The "Monheim Triennale" is an international music festival that aims to document pioneering artistic positions in contemporary music. It is to take place every three years starting in 2023 at the "Kulturraffinerie K714", an industrial monument located directly on the Rhine, which will then be converted into an event venue. In 2020, the first edition of the festival will be held in several venues along the Rhine. The artistic director is Reiner Michalke, who was artistic director of the Moers Festival from 2006 to 2016 and is now programme director at the Stadtgarten in Cologne.

== History ==
After a one-year planning phase, the city council of Monheim am Rhein unanimously decided on 10 October 2018 to hold the Monheim Triennale. The first edition will be held from 1 to 5 July 2020 in various venues such as the not yet completed industrial hall "Kulturraffinerie K714", the socio-cultural centre "Sojus 7", the Marienkapelle, the new event ship of KD - the MS Rhein Galaxie - and the Deusser Garten. In February 2019, a five-member board of trustees was appointed to jointly select the artists for the first edition. Among them are performance artist and professor for aesthetic practices Swantje Lichtenstein from Düsseldorf, music curator Louis Rastig from Berlin, Managing Artistic Director Rainbow Robert from Vancouver, Creative & Brand Consultant Meghan Stabile from New York City and music journalist and co-editor of Kaput magazine for Insolvency & Pop Thomas Venker from Cologne.

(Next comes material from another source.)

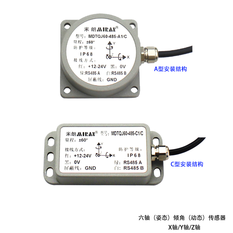 六軸(姿態(tài))傾角(動(dòng)態(tài))傳感器內(nèi)部使用數(shù)字型MEMS動(dòng)態(tài)芯片,可測量運(yùn)動(dòng)載體的姿態(tài)參數(shù)(橫滾、俯仰以及方位角),適用于運(yùn)動(dòng)或振動(dòng)狀態(tài)下的傾角測量。產(chǎn)品內(nèi)置加速度和陀螺傳感器,集成了卡爾漫濾波算法,從而可測量運(yùn)動(dòng)或振動(dòng)狀態(tài)下的載體實(shí)時(shí)運(yùn)動(dòng)數(shù)據(jù)。產(chǎn)品RS485/232/TTL等信號(hào)輸出模式可選,擴(kuò)展性強(qiáng)。

=== Artist in Residence ===
At the beginning of 2019, Reiner Michalke called the musician Achim Tang to Monheim am Rhein to convey the festival content. Tang has already worked for Michalke as Improviser in Residence at the Moers Festival in 2011.

=== Festival Design ===
The festival design of the Monheim Triennale was created by the Greek graphic artist Vasilis Marmatakis. Marmatakis created the graphic design for Yorgos Lanthimos' films "The Lobster" (2015), "The Killing of a Sacred Deer" (2017), "The Favourite" (2018) and "Nimic" (2019), among others. The design concept is based on the visualization of physical and typographic elements through the experience of sound. Vasilis Marmatakis has designed a series of images with patterns like those found on "Mesh Covers" - patterns of perforated fabric or metal used to cover loudspeakers. He transfers these onto solid material and then works them with ink. The resulting traces visualize the acoustic resonance between source and receiver.